Ever seen the @InterestingSBLs twitter account? It's kind of interesting and occasionally entertaining. It highlights various SBL entries that its anonymous author finds "interesting" by whatever criteria that may be. Because it's an ESP? An ESP's client? A Fortune 500 company? Not sure, but all have appeared there. My own employer has occasionally been called out on it, as have others. Some representatives of some companies have gotten really upset over being mentioned by that Twitter account, but not me. To me, it's really just a synopsis of a public record. And good companies occasionally have Spamhaus issues, too-- not just bad companies. It tells me it's something "interesting" to go look at, not that so-and-so is a scumbag spammer. If you or your company gets mentioned there, take a deep breath and look into it.

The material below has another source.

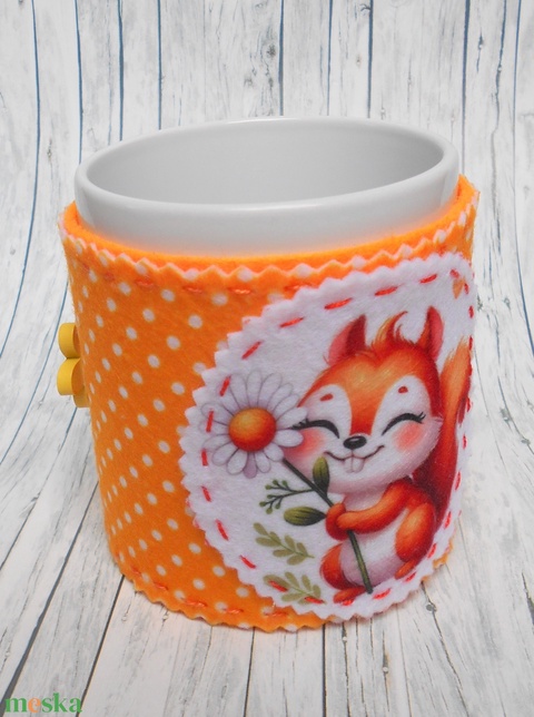 - Anyaga: mintás barkácsfilc, hímzőfonal, gomb, kalapgumi, pöttyös barkácsfilc, virág alakú fa gomb

There are often big gaps between when @InterestingSBLs posts, but he or she seems to have been active as recently as just over a week ago.

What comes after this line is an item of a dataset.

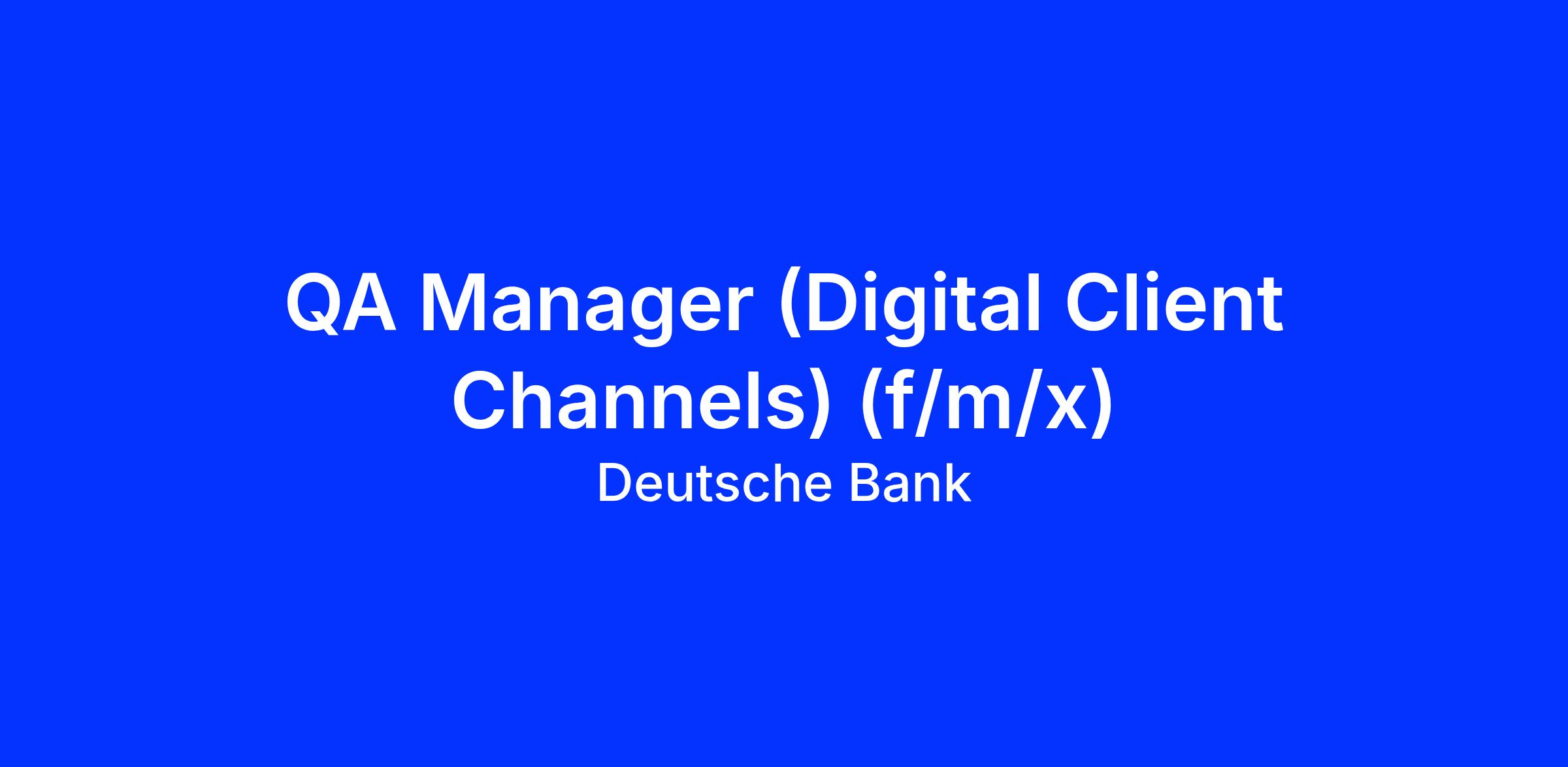 As a QA Manager (f/m/x) in the Digital Client Channels tribe, you will define and drive our quality strategy for Online Banking, Mobile Banking (iOS & Android), BackendโforโFrontend services, and backend APIs.

If that doesn't interest you, there's always the Spamhaus SBL "Latest Entries" page, showing you what has been recently entered or recently removed into Spamhaus's main blacklist. This can be pretty interesting. I once knew an alleged spammer who spent most of his day hitting "refresh" on this page every few minutes, looking to find that partners in (alleged) crime may have been caught in the Spamhaus cross hairs.
Keep in mind that all Spamhaus SBL entries are effectively public information. Spamhaus does not password protect or otherwise obviously restrict access to the listing information available on their website. (I'm not necessarily making a case for whether or not they should be public or not, just noting how it is today.)